Major problem here is, the the cost per transistor is almost the same. It doesn't get cheaper like before. So you could shrink your the size of the APU but that might also increase error-rates. With a bit of luck you might still get down the per-console price because the cooling-solution can be smaller, the power supply can be smaller, ... but the development costs for such a shrink ... I don't know whether it is ever worth is if the price of the APU is still the same.I don't think so. Wouldn't it be smarter to replace the series s and x with SOC of similar transistor size as the series x but using newer architecture ? If the series x is 15B tranistors at 7nm and say the replacement is 3nm with 15B tranistors it should be cheaper to manufacture and if its all new tech you take advantage of the uplift in specs. ...

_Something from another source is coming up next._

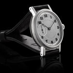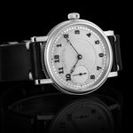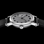 The dial is created using a unique laser-cutting method, followed by detailed hand-finishing and coated with high-grade silver, ensuring a sophisticated and polished look.

Also it might get a bit tricky to get e.g. the smaller chip connected with the GDDR6 memory as the chip is shrinked it might get to small so they might have to develop a new memory connection for the chip (this also costs).
In the past shrinking the chip was always cheaper. Well expect for the original xbox as nvidia didn't give MS the shrink-advantage over in terms of the per-chip price. But that changed over the last few years. Shrinking will no longer give a cheaper chip. And this is a huge bummer for a console shrink.
Also newer architectures almost never give you more performance per transistor. They instead have more performance per clock with more transistors used to get faster. So newer architecture + same transistor count normally wouldn't work (expect if they did something really wrong with the current transistors ... I don't think so).
But I guess with the current generation we will see a more iterative console-cycle as the main bottleneck (the CPU) is now away and they could build on that.